Trajano disse enfaticamente que não pretende concorrer a cargos públicos. Mas ela se tornou cada vez mais ativa em levar debates políticos a um grupo de mulheres líderes que fundou em 2013, com o objetivo de avançar a paridade de gêneros em todas as esferas de poder. Hoje o grupo tem mais de 101 mil membros.
As líderes do grupo estão preparando planos políticos de longo prazo para abordar problemas crônicos em saúde, educação, habitação e no mercado de trabalho. Elas também defendem a paridade de gêneros na política eleitoral, o que, segundo Trajano, transformaria o sistema disfuncional e polarizado do Brasil.
No início de 2021, quando o governo brasileiro lutava para adquirir vacinas contra a Covid-19 e o presidente Bolsonaro semeava dúvidas sobre sua eficácia, Trajano se tornou uma defensora incansável da vacinação, mobilizando sua rede de mulheres para pressionar o governo a agir rapidamente e eliminar a desinformação sobre as vacinas.
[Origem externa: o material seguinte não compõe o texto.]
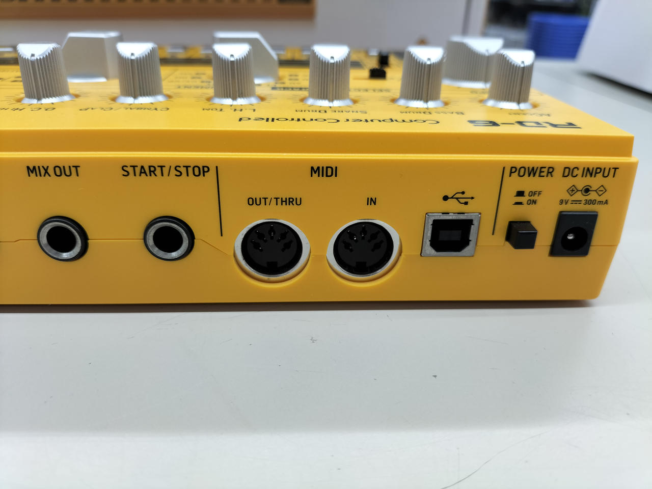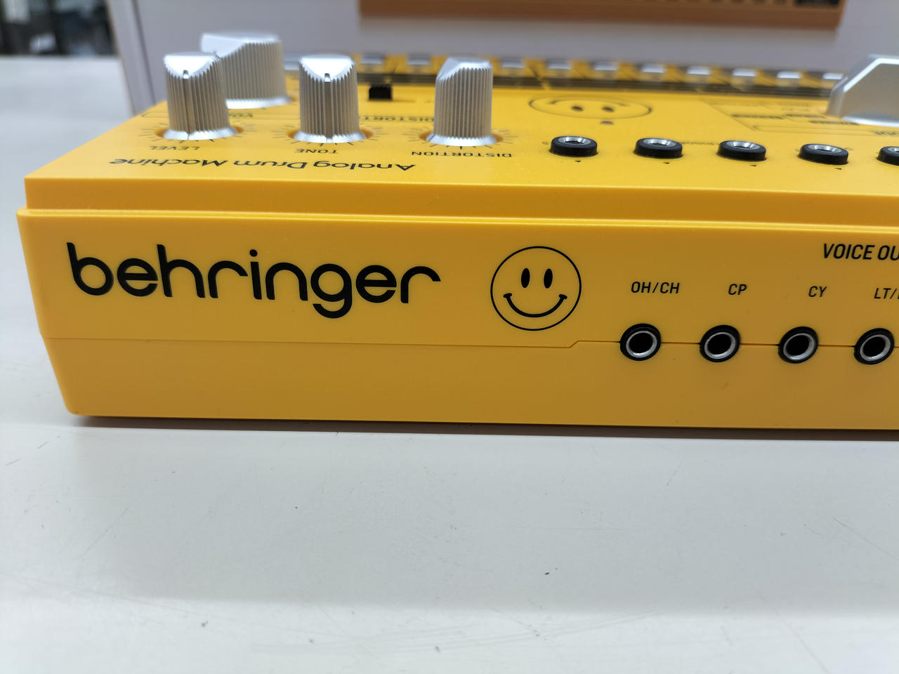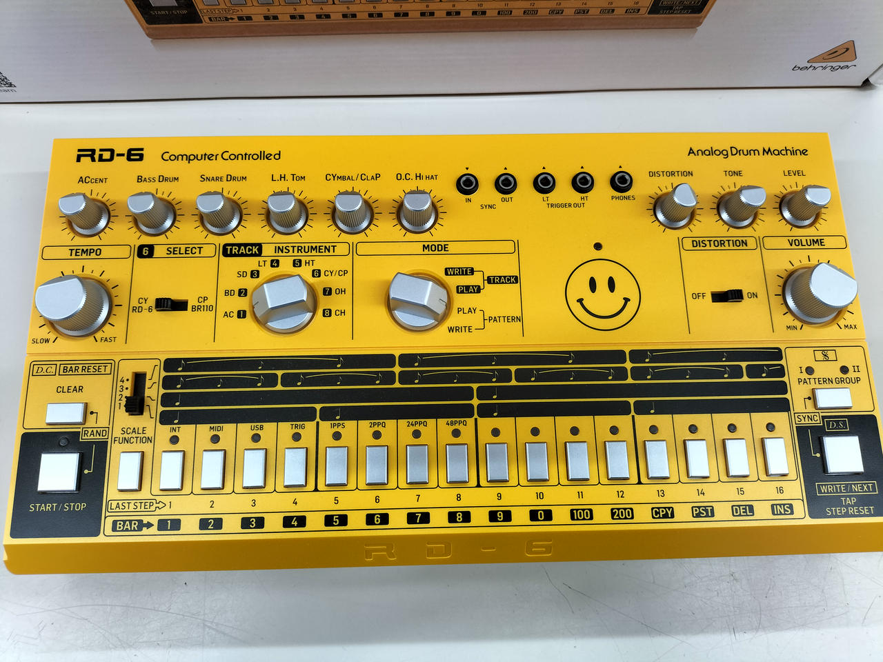 8つのドラムサウンド、16ステップのシーケンサー、ディストーションエフェクトを装備したアナログドラムマシン |

Houve especulações acaloradas nas redes sociais de que Trajano poderia ser um curinga nas eleições presidenciais deste ano, talvez como companheira de chapa de Lula, o preferido nas pesquisas. Ela descartou categoricamente esse papel, mas está claro que Bolsonaro passou a vê-la como uma ameaça a suas perspectivas de reeleição.
Em novembro, ele pareceu apreciar que o preço da ação do Magalu havia caído nos meses anteriores, em meio a especulações de uma parceria política entre Lula e Trajano, a quem Bolsonaro chamou de “socialista”.
Mais tarde naquele dia, quando Trajano foi questionada sobre o comentário do presidente, ela disse que não achava o rótulo ofensivo.
“Acho que a desigualdade social tem de ser enfrentada”, disse. “Se isso é ser socialista, então eu sou socialista.”